Athletic Sustainabilty: First Principles of Movement
My mentor, Dr Craig Liebenson, is unveiing his refined approach to both treating patients and training his practitioners. I am really excited to be part of this journey. It redefines what it means to treat a patient. The goal will be to not only get someone out of pain, but to teach them to regain functionality and then to optimize movement patterns as they evolve and grow as a functional human being designed for movement. The following is Dr Craig’s initial description of how he plans to do this:
“By keeping Athletic Sustainability we will ensure a gradual transition to our new name FIRST PRINCIPLES OF MOVEMENT (FPM).
FPM adheres to a scientific approach while honoring the need for art & craft. The evidence based goals of reassurance & reactivation are how we bridge the gap from science to the clinic or gym as we guide Health Promotion & Performance Enhancement experts to achieve the following goals –
- Return to Participation
- Return to Sport
- Return to Sustainable, Optimal Performance
Our focus remains on the principles required for efficient integration of the many schools of thought and popular systems. However, it is crucial to offer a scientific framework to help people connect the dots in both a scalable and individualized (N=1) way. Our principles are simple. Basically just 4.
1. Understand how to communicate the meaning of pain (e.g. hurt vs harm)

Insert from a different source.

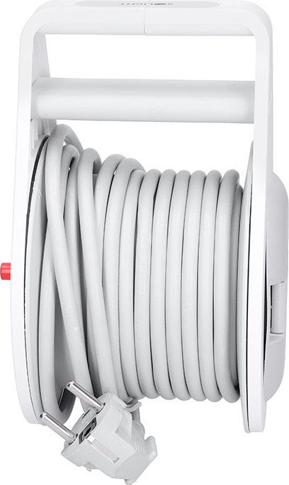 Přestože je buben malý a skladný, zvládne stejnou zátěž jako větší modely. Tři zásuvky s dětskými pojistkami jsou navíc chráněny i tepelnou pojistkou, která odpojí napájení při přetížení nebo při plné zátěži bez úplného odvinutí kabelu. 10 metrů délky poskytuje dostatek dosahu pro běžné i náročnější použití v interiéru.
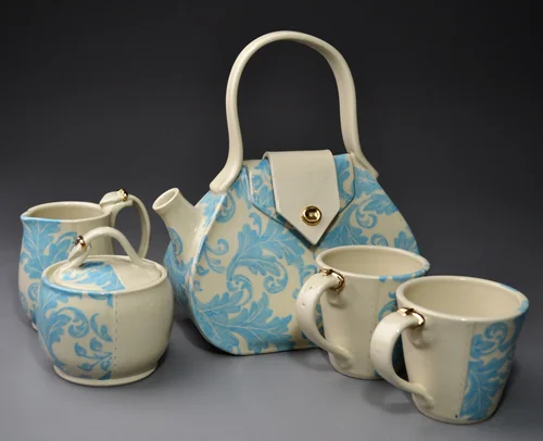 Tea-Bags are fully functioning teapots. They are slab built porcelain, hand sculpted and glazed. The details of stitching and seam lines are all refined after the piece has been constructed, but before firing. After being bisque and glaze fired, these pieces are fired a third time to add a gold luster glaze. The gold luster adds a final finish to the buckles and zippers. They are all one of a kind, no molds are used. All designs are available in matching sugar and creamer sets, and tea cups. Teapot collectors are drawn to them, no collection is complete without one.

- History: yellow flags beliefs & attitudes
- History & examination of baseline pain triggers
2. First move well (communicate the WHY behind the WHAT) then add volume
- Examination & remediation of baseline “weak links” or painless motor control dysfunction
- Dynamic System Theory using variability (environment, taks & individual) & gamification to improve problem-solving & transferability
3. Find the hardest thing a person does well
- Slow cook fitness so fitness>fatigue with a buffer zone for chaos
- Bridge the gap from the current capacity shortfall to the required capacity for the specific demand (relatable goal)
4. Regional Interdependence
- Don’t treat the site of symptoms
- Address the biomechanical source of overload in kinetic chain following the CAP
Our path is about empathy & compassion. We want to give tangible hope & an achievable plan at a time where it is recognized that current practices (excessive passive care, medication, imaging & surgery is of low-value). The principles and process we teach is simple yet powerful enough to connect the dots between the overwhelming choices people have today so as to give confidence to health & performance experts regardless of what system(s) they currently employ.”